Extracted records
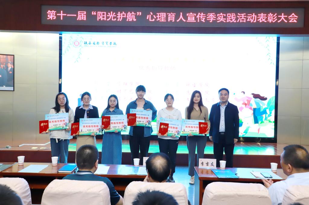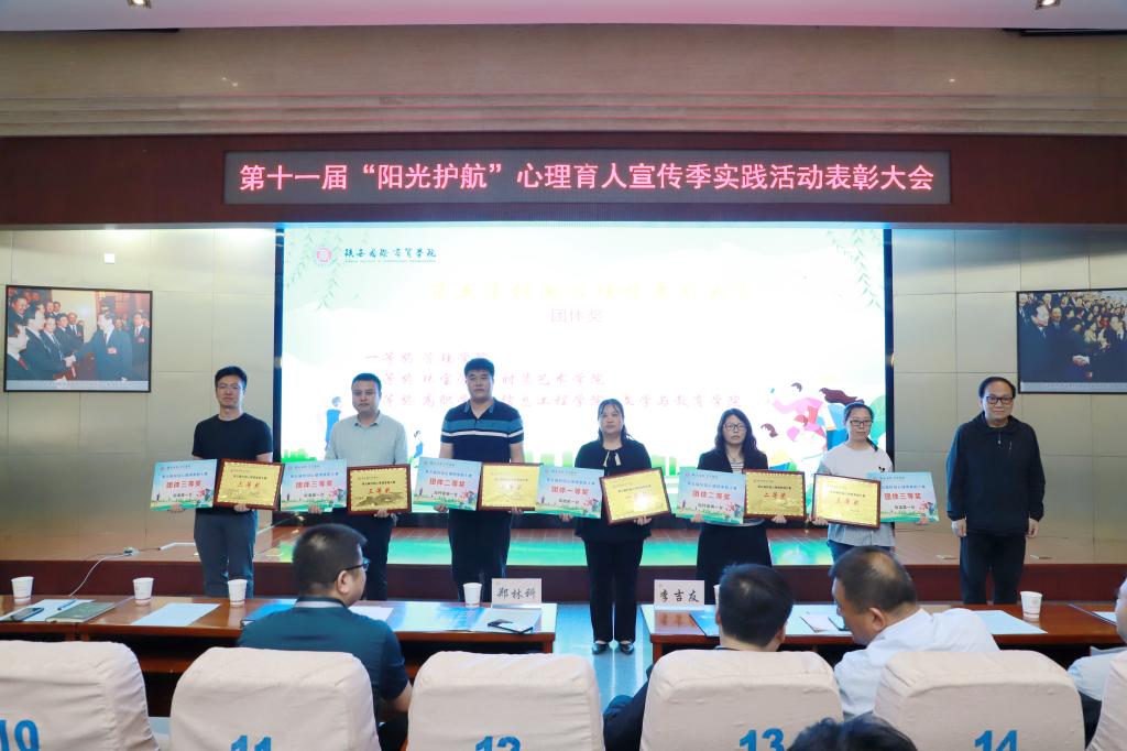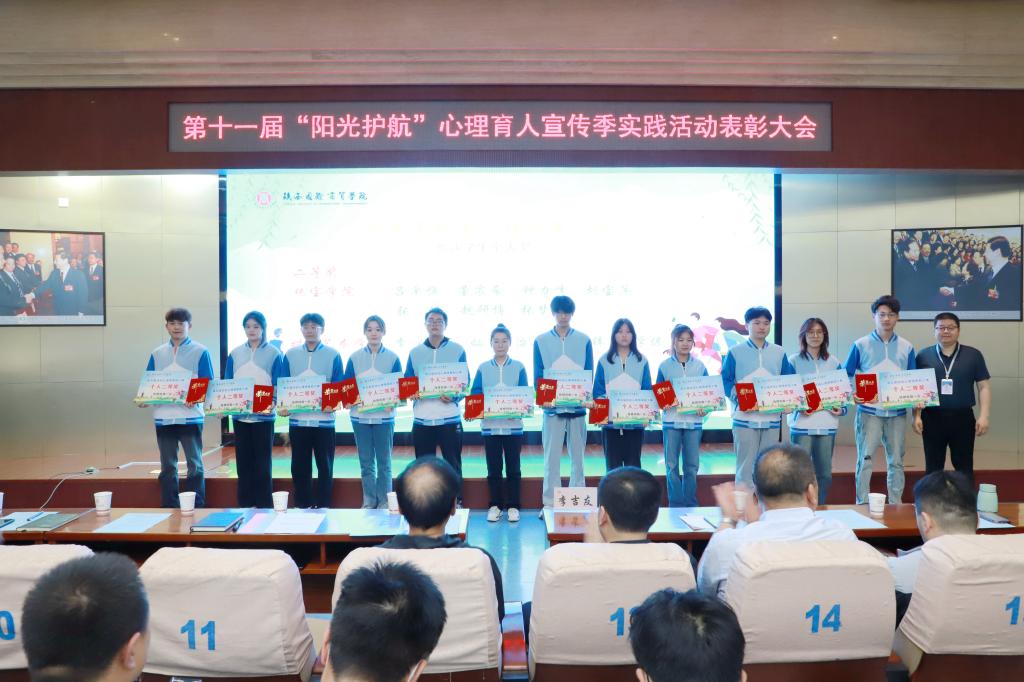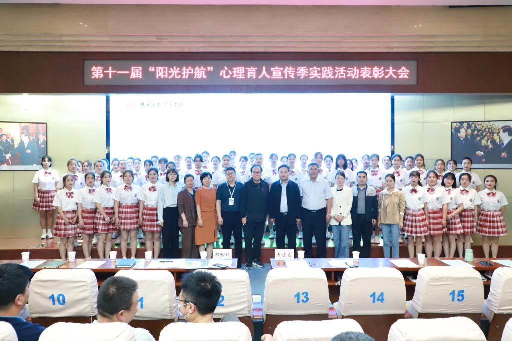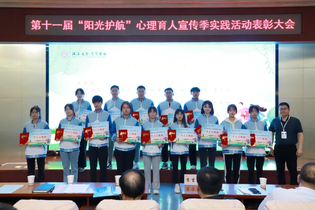 李吉友代表学校党政向受表彰的获奖团体和个人表示热烈祝贺。他表示,在第十一届“阳光护航”心理育人宣传季实践活动中,学校以学习贯彻习近平新时代中国特色社会主义思想主题教育为契机,聚焦内容创新形式,突出学生主体作用,着力增强活动的吸引力、感染力、科学性和实效性,在大学生心理健康宣传教育,普及心理健康知识与理念,学生心理素质提升,举办心理育人特色活动等方面均取得了显著效果。他强调,一是要结合主题教育,回归立德树人初心。学校心理健康教育工作必须紧紧围绕学习贯彻习近平新时代中国特色社会主义思想主题教育,以育人为目的、立德树人为根本、三全育人为途径,围绕“培养什么人、怎样培养人、为谁培养人”这一根本问题,牢牢把握主题教育“学思想、强党性、重实践、建新功”的总要求,紧密结合学校思想政治和心理健康教育工作实际,以正视问题的自觉和刀刃向内的勇气,出真招、出实招,努力将学习成果转化为做好本职工作、推动事业发展的生动实践。二是要坚持全盘谋划,促进工作提质增效。要进一步夯实“四级”预警防控体系,扎实开展“四进两联一交友”活动,强化心理健康教育“第一课堂”主阵地,构建“理论+实践+团辅”教学模式,建立“互联网+心理育人”平台,实现线上预约、线上咨询、线上学习等,为学生提供随时化、便捷化、自助化的心理服务;创新开展心理育人工作坊,通过学生自助预约的形式,变“大水漫灌”为“精准滴灌”,让心理育人实现全覆盖,使学生更能接受和参与其中,为学生提供精准教育、精准管理、精准服务,着力深化教育教学、实践活动、咨询服务、危机干预、平台保障,促进大学生健康成长,推动新时代心理育人工作提质增效。三是要聚焦三全育人,提升心理育人实效。通过参加全省高校2023年春夏季学生心理“双检”普查调研测评,举办第五届校园心理情景剧大赛、大学生心理健康科普知识竞赛、心理微课展评、优秀咨询案例和优秀教案等比赛,要深入二级心理辅导站研判个案,各二级心理辅导站要积极响应,搭建活动平台,加强宣传普及,开展“一站一品”特色育人活动。通过形成全员育人育心体系、拧紧全程育人链条和做强全方位育人共同体等三个方面,积极融入学校“三全育人”综合改革中,重视发挥系统育人力量,产生出良好的综合效应,切实提升大学生心理健康教育工作质量和水平。
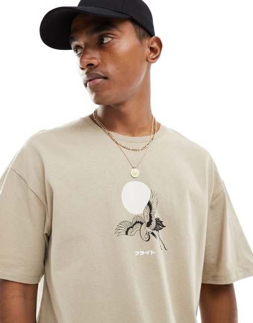 Jack & Jones – Beżowy T-shirt oversize z nadrukiem na piersi
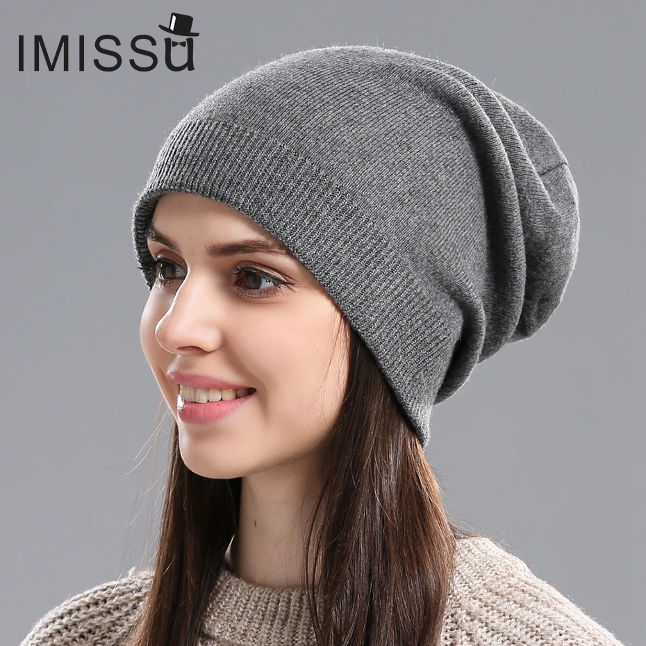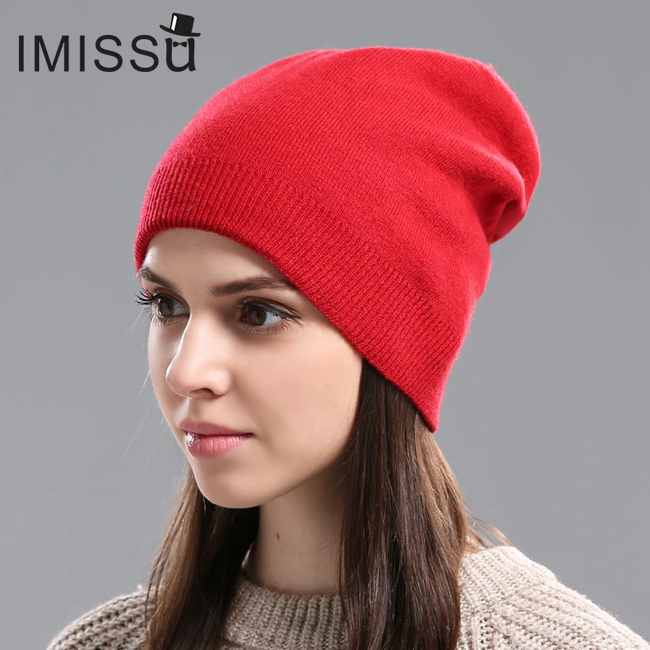 IMISSU Осень Зимние Шапки Мужская Трикотажные Настоящее Шерсть Skullies Повседневная Beanie Сплошных Цветов Лыжные Gorros Крышка Способа Теплый Muts Hat
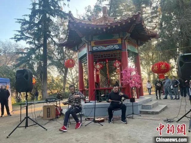 当地时间7月14日,智利圣地亚哥市,两位中国民乐爱好者在中国文化展上演奏。
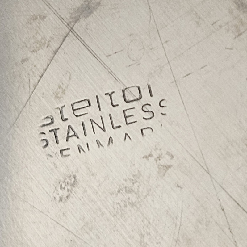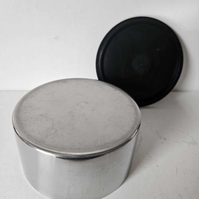 Gave vintage suikerpot van Stelton. Ontworpen in 1977 door Erik Magnussen. De RVS suikerpot heeft een kleine uitsparing voor een lepel en heeft een zwarte kunststof deksel.
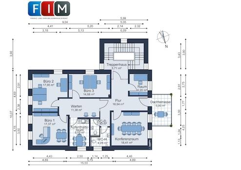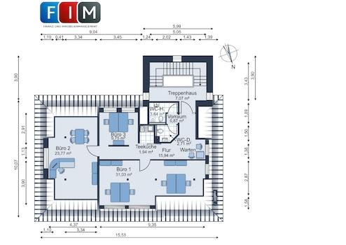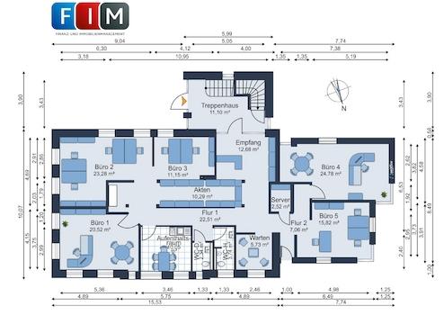 Insgesamt stehen Ihnen 421,11 m² Bürofläche zur Verfügung, die um weitere Abstellmöglichkeiten im Keller ergänz werden.
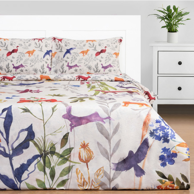 Комплект постельного белья из поплина Лепесток синий/жёлтый
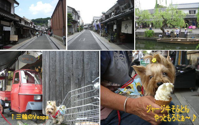 山陽堂さんを後に、倉敷美観地区に行くためアイビースクウェアに戻ってみると、イベントが開催されて いました。岡山のお土産やアーティスさんの工芸品の販売や軽食がありました。 まだ昼食には早いので、アイビースクウェアを通り抜け、美観地区観光に出かけました。 むむっ、何となーく伊勢のおかげ横丁と似た地区もあったり、倉敷の古い建物と風情を 楽しませていただきました♪ 手漕ぎ船、乗ってみたかったけど、ワンコ×なので残念でした。川の中を覗いてみると大きな鯉が沢山 泳いでいたのは凄かったが、もっと面白かったのは川の淵に出店があって、川横に店主さんの顔が出て いるのにビックリでした(;^_^A つまり川の土手の石畳に座られているのでパッちゃん目線に顔が出ているのぉ
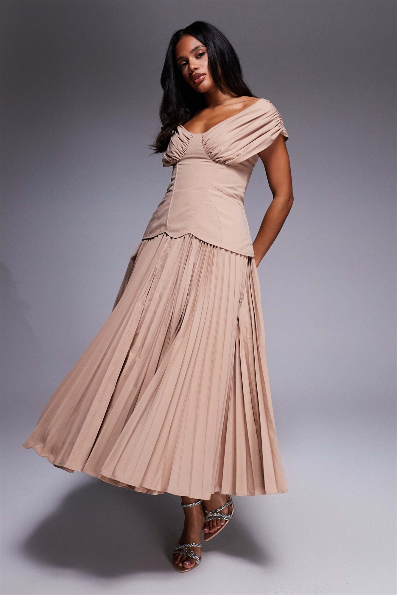 Платье средней длины с открытыми плечами, плиссированное, с формованными бедрами
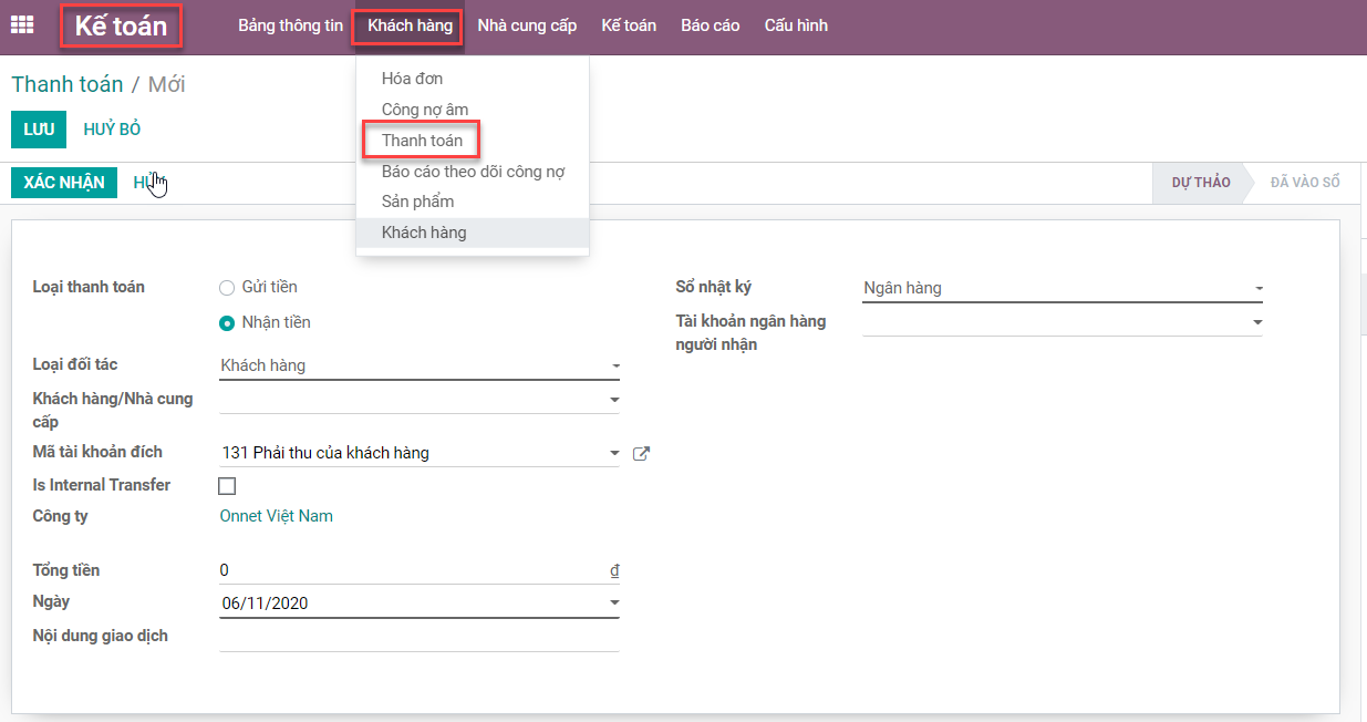 Khi chúng ta chuyển đến mô-đun Kế toán, chọn phần 'Thanh toán'. Các khoản thanh toán được thực hiện ở đây không được liên kết với hóa đơn. Nhưng thật dễ dàng để đối chiếu với bất kỳ hóa đơn nào sau này.
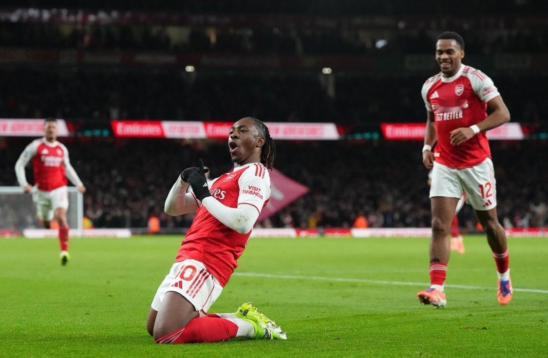 埃泽帽子戏法闪耀北伦敦德比,阿森纳4-1完胜托特纳姆热刺,继续领跑英超积分榜!里沙利松精彩吊射,拉亚成背景板! 英超第12轮,北伦敦德比在阿森纳的主场打响!上半场第36分钟,特罗萨德在禁区内接球,完成了潇洒的转身破门,为阿森纳首开纪录! 第41分钟,埃泽禁区线上停球后,灵巧的过掉两名防守队员,一脚抽射破门,阿森纳2-0领先热刺! 下半场刚刚开始,埃泽在禁区线上左脚推射破门,完成梅开二度! 第54分钟,苏比门迪后场带球被断,里沙利松直接吊射破门,拉亚由于站位靠前,没能阻止皮球入网! 第76分钟,又是禁区线附近,埃泽右脚推射破门,完成帽子戏法! 最终,阿森纳4-1赢下这场伦敦德比! 阿森纳赢球后,英超积分榜上已经领先第二名6分,本赛季正是他们摆脱万年老二的好机会!下一场他们将要在欧冠赛场对阵本赛季至今保持不败的拜仁,本赛季欧洲两支状态最好的球队相遇,会碰撞出什么样的火花呢?让我们拭目以待吧!

▸ **Your instructions**: All lines from the beginning of the entries above to the line containing "Insgesamt stehen Ihnen", inclusive, should be printed exactly, apart from the pictures.

▸ **Response area**:
 李吉友代表学校党政向受表彰的获奖团体和个人表示热烈祝贺。他表示,在第十一届“阳光护航”心理育人宣传季实践活动中,学校以学习贯彻习近平新时代中国特色社会主义思想主题教育为契机,聚焦内容创新形式,突出学生主体作用,着力增强活动的吸引力、感染力、科学性和实效性,在大学生心理健康宣传教育,普及心理健康知识与理念,学生心理素质提升,举办心理育人特色活动等方面均取得了显著效果。他强调,一是要结合主题教育,回归立德树人初心。学校心理健康教育工作必须紧紧围绕学习贯彻习近平新时代中国特色社会主义思想主题教育,以育人为目的、立德树人为根本、三全育人为途径,围绕“培养什么人、怎样培养人、为谁培养人”这一根本问题,牢牢把握主题教育“学思想、强党性、重实践、建新功”的总要求,紧密结合学校思想政治和心理健康教育工作实际,以正视问题的自觉和刀刃向内的勇气,出真招、出实招,努力将学习成果转化为做好本职工作、推动事业发展的生动实践。二是要坚持全盘谋划,促进工作提质增效。要进一步夯实“四级”预警防控体系,扎实开展“四进两联一交友”活动,强化心理健康教育“第一课堂”主阵地,构建“理论+实践+团辅”教学模式,建立“互联网+心理育人”平台,实现线上预约、线上咨询、线上学习等,为学生提供随时化、便捷化、自助化的心理服务;创新开展心理育人工作坊,通过学生自助预约的形式,变“大水漫灌”为“精准滴灌”,让心理育人实现全覆盖,使学生更能接受和参与其中,为学生提供精准教育、精准管理、精准服务,着力深化教育教学、实践活动、咨询服务、危机干预、平台保障,促进大学生健康成长,推动新时代心理育人工作提质增效。三是要聚焦三全育人,提升心理育人实效。通过参加全省高校2023年春夏季学生心理“双检”普查调研测评,举办第五届校园心理情景剧大赛、大学生心理健康科普知识竞赛、心理微课展评、优秀咨询案例和优秀教案等比赛,要深入二级心理辅导站研判个案,各二级心理辅导站要积极响应,搭建活动平台,加强宣传普及,开展“一站一品”特色育人活动。通过形成全员育人育心体系、拧紧全程育人链条和做强全方位育人共同体等三个方面,积极融入学校“三全育人”综合改革中,重视发挥系统育人力量,产生出良好的综合效应,切实提升大学生心理健康教育工作质量和水平。
 Jack & Jones – Beżowy T-shirt oversize z nadrukiem na piersi
 IMISSU Осень Зимние Шапки Мужская Трикотажные Настоящее Шерсть Skullies Повседневная Beanie Сплошных Цветов Лыжные Gorros Крышка Способа Теплый Muts Hat
 当地时间7月14日,智利圣地亚哥市,两位中国民乐爱好者在中国文化展上演奏。
 Gave vintage suikerpot van Stelton. Ontworpen in 1977 door Erik Magnussen. De RVS suikerpot heeft een kleine uitsparing voor een lepel en heeft een zwarte kunststof deksel.
 Insgesamt stehen Ihnen 421,11 m² Bürofläche zur Verfügung, die um weitere Abstellmöglichkeiten im Keller ergänz werden.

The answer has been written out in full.